Maynard was employed as a Deputy Clerk for the Lawrence County
Clerk’s Office for approximately twelve years from February 1990 through August
2002. Maynard’s position was considered sedentary to light in nature. She was
seated 75% of the time and had the option of alternating between standing, walking
and sitting. Her job duties included issuing licenses, recording documents, making
photocopies, and monitoring inventory.
In August 2002, Maynard applied for disability retirement benefits
pursuant to KRS 61.600 and was denied. In July 2004, she again applied for
disability retirement benefits based on a variety of conditions including
fibromyalgia, chest pain, migraine headaches, joint pain, blood pressure problems,
bladder and bowel problems, numbness and back pain.

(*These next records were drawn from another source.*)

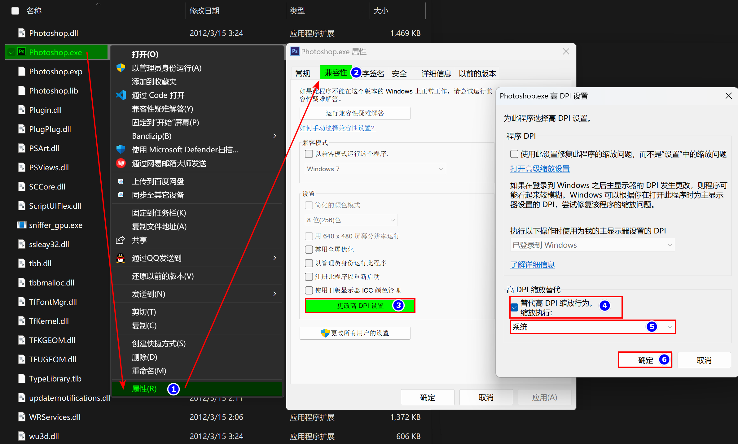 2、弹出窗口“兼容性”——“更改高DPI设置”;
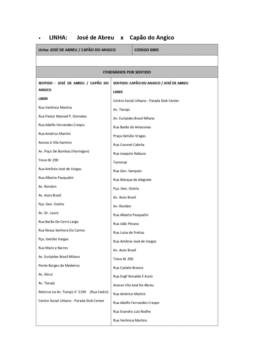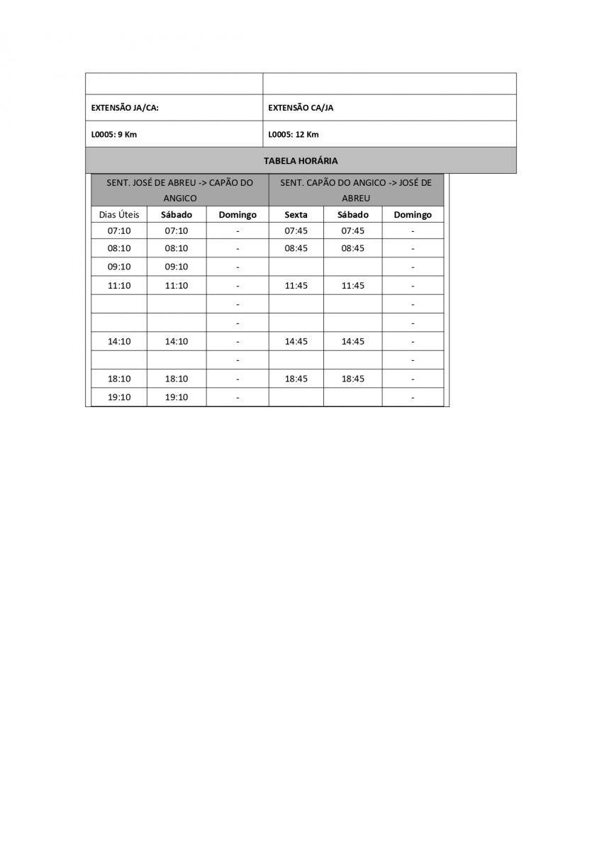 3°) Linha José de Abreu x Capão do Angico: "... altera os horários intercalados desta Linha, nos dias úteis de segunda-feira a sábado, nos seguintes horários: às 07h10, 08h10, 09h10, 11h10, 14h10, 18h10 e 19h10".
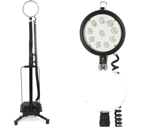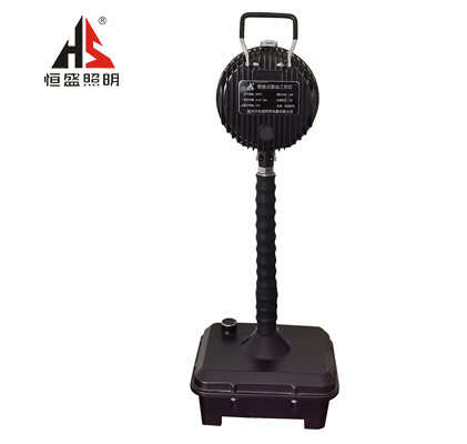 為方便可多角度任意調節照射方向,研發生產BJ665型號防爆移動工作燈:能固定在氣墊式升降架上1.15-1.75米高度范圍內任意升降,升降桿和電池箱為一體式結構,使用方便靈活,燈體底部裝有方便移動的輪子,可在平地上輕松移動燈體位置

The Retirement Systems’
Medical Review Board denied Maynard’s application and she petitioned for an
administrative hearing. The hearing officer recommended Maynard’s application
be denied based on her finding that the objective medical evidence did not
establish by a preponderance of the evidence that Maynard was totally and
permanently incapacitated from her job duties as deputy clerk, nor was she likely
to remain incapacitated for a period of more than twelve months from her last date
of paid employment. Maynard filed exceptions to the hearing officer’s report and
recommended order. The Board of Trustees (Board) reviewed these exceptions, as
well as all evidence of record, and accepted the hearing officer’s report and
recommended order. Maynard appealed to the Franklin Circuit Court. The circuit
court affirmed the denial of disability retirement benefits. This appeal followed.
The crux of Maynard's appeal is that the Retirement System's original
decision incorrectly ignored overwhelming substantial medical evidence she had
provided in support of her claim. We disagree.
To trigger state disability retirement benefits, pursuant to KRS
61.600(3)(a)-(d), a claimant must offer “objective medical evidence by licensed
physicians” showing that since the last day of her paid state employment, she “has
been mentally or physically incapacitated to perform the job, or jobs of like duties,
from which [she] received [her] last paid employment.” Such incapacity must be
the result of bodily injury, mental illness, or disease, and must be deemed
permanent. Further, the incapacity cannot “result directly or indirectly from bodily
injury, mental illness, disease, or condition which pre-existed membership in the
system. . . .” A claimant for disability retirement benefits must prove she satisfies
all the foregoing statutory criteria to justify payment of benefits. See Energy
Regulatory Commission v. Kentucky Power Co., 605 S.W.2d 46 (Ky.App. 1980).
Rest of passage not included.